Model | Parameter Count |
---|---|

VAE | 4,446,915 |

MDN-RNN | 1,678,785 |

Controller | 1,088 |

After some training, our controller learns to navigate around the dream environment and escape from deadly fireballs shot by monsters generated by the M model. Our agent achieved a *score* in this virtual environment of $\sim$ 900 frames.

The following demo shows how our agent navigates inside its own dream. The M model learns to generate monsters that shoot fireballs at the direction of the agent, while the C model discovers a policy to avoid these hallucinated fireballs. Here, the V model is only used to decode the latent vectors $z_t$ produced by M into a sequence of pixel images we can see:

Here, our RNN-based world model is trained to mimic a complete game environment designed by human programmers. By learning only from raw image data collected from random episodes, it learns how to simulate the essential aspects of the game — such as the game logic, enemy behaviour, physics, and the 3D graphics rendering.

For instance, if the agent selects the left action, the M model learns to move the agent to the left and adjust its internal representation of the game states accordingly. It also learns to block the agent from moving beyond the walls on both sides of the level if the agent attempts to move too far in either direction. Occasionally, the M model needs to keep track of multiple fireballs being shot from several different monsters and coherently move them along in their intended directions. It must also detect whether the agent has been killed by one of these fireballs.

Unlike the actual game environment, however, we note that it is possible to add extra uncertainty into the virtual environment, thus making the game more challenging in the dream environment. We can do this by increasing the temperature $\tau$ parameter during the sampling process of $z_{t+1}$, as done in

We find agents that perform well in higher temperature settings generally perform better in the normal setting. In fact, increasing $\tau$ helps prevent our controller from taking advantage of the imperfections of our world model — we will discuss this in more depth later on.

We took the agent trained in the virtual environment and tested its performance on the original VizDoom scenario. The score over 100 random consecutive trials is $\sim$ 1100 frames, far beyond the required score of 750, and also much higher than the score obtained inside the more difficult virtual environment.^{7}

We see that even though the V model is not able to capture all of the details of each frame correctly, for instance, getting the number of monsters correct, the agent is still able to use the learned policy to navigate in the real environment. The virtual environment also did not keep track of a clear number of monsters in the first place, and an agent that is able to survive the noisier and uncertain virtual nightmare environment will thrive in this clean, noiseless environment.

In our childhood, we may have encountered ways to exploit video games in ways that were not intended by the original game designer

For instance, in our initial experiments, we noticed that our agent discovered an *adversarial* policy to move around in such a way so that the monsters in this virtual environment governed by the M model never shoots a single fireball in some rollouts. Even when there are signs of a fireball forming, the agent will move in a way to extinguish the fireballs magically as if it has superpowers in the environment.

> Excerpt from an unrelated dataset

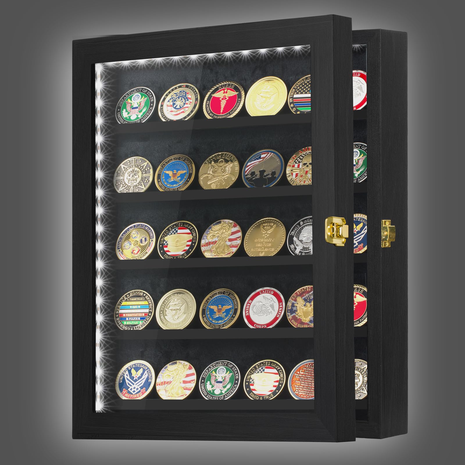 [EASY TO INSTALL] - The LED military challenge coin display case is securely packaged and fully assembled. It can be wall mounted by using the sawtooth hangers on the back or you can place it on any horizontal support for display. So don't hesitate, just get it!
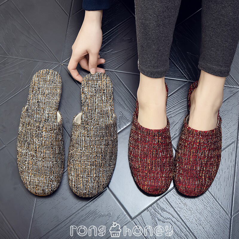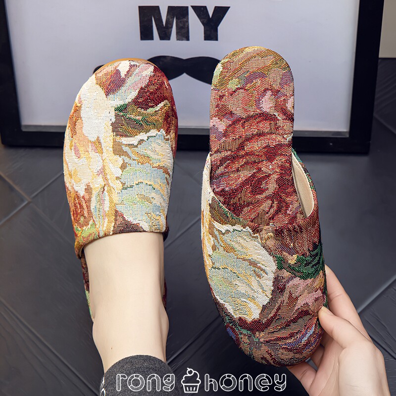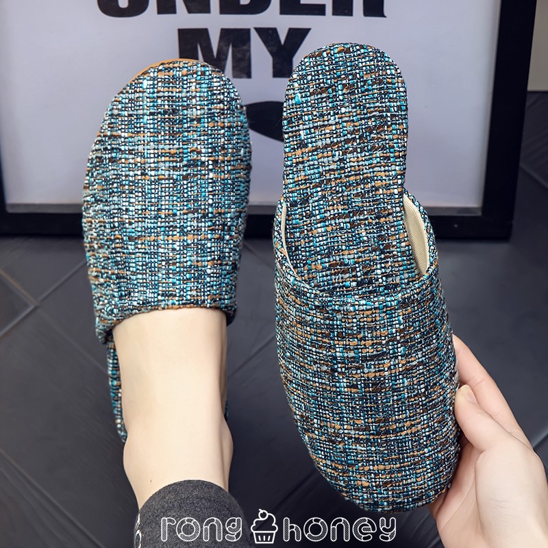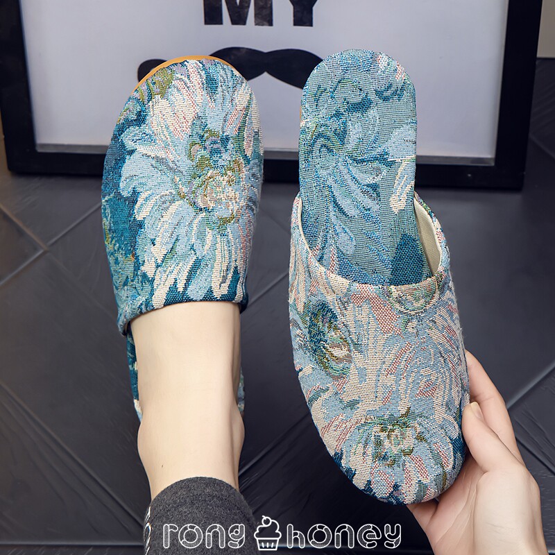 Летняя ретро ткань, слайдеры, тапочки, нескользящая мужская обувь для влюбленных, Германия, из хлопка и льна

Because our world model is only an approximate probabilistic model of the environment, it will occasionally generate trajectories that do not follow the laws governing the actual environment. As we saw previously, even the number of monsters on the other side of the room in the actual environment is not exactly reproduced by the world model. Like a child who learns that objects in the air usually fall to the ground, the child might also imagine unrealistic superheroes who fly across the sky. For this reason, our world model will be exploitable by the controller, even if in the actual environment such exploits do not exist.

And since we are using the M model to generate a virtual dream environment for our agent, we are also giving the controller access to all of the hidden states of M. This is essentially granting our agent access to all of the internal states and memory of the game engine of the game it is playing. Therefore our agent can efficiently explore ways to directly manipulate the hidden states of the game engine in its quest to maximize its expected cumulative reward. The weakness of this approach of learning a policy inside a learned dynamics model is that our agent can easily find an adversarial policy that can fool our dynamics model — it’ll find a policy that looks good under our dynamics model, but will fail in the actual environment, usually because it visits states where the model is wrong because they are away from the training distribution.

This weakness could be the reason that many previous works that learn dynamics models of RL environments but don’t actually use those models to fully replace the actual environments ^{8}

To make it more difficult for our C model to exploit deficiencies in the M model, we chose to use the MDN-RNN as the dynamics model, which models the *distribution* of possible outcomes in the actual environment, rather than merely predicting a deterministic future. Even if the actual environment is deterministic, the MDN-RNN would in effect approximate it as a stochastic environment. This has the advantage of allowing us to train our C model inside a more stochastic version of any environment — we can simply adjust the temperature $\tau$ parameter to control the amount of randomness in the M model, hence controlling the tradeoff between realism and exploitability.

Using a mixture of Gaussian model may seem like overkill given that the latent space encoded with the VAE model is just a diagonal Gaussian. However, the discrete modes in a mixture density model is useful for environments with random discrete events, such as whether a monster decides to shoot a fireball or stay put. While a Gaussian might be sufficient to encode individual frames, a RNN with a mixture density output layer makes it easier to model the logic behind a more complicated environment with discrete random states.

For instance, if we set the temperature parameter to a very low value of $\tau=0.1$, effectively training our C model with an M model that is almost identical to a deterministic LSTM, the monsters inside this dream environment fail to shoot fireballs, no matter what the agent does, due to mode collapse. The M model is not able to *jump* to another mode in the mixture of Gaussian model where fireballs are formed and shot. Whatever policy trained in this dream will get a perfect score of 2100 most of the time, but will obviously fail when unleashed into the harsh reality of the actual world, underperforming even a random policy.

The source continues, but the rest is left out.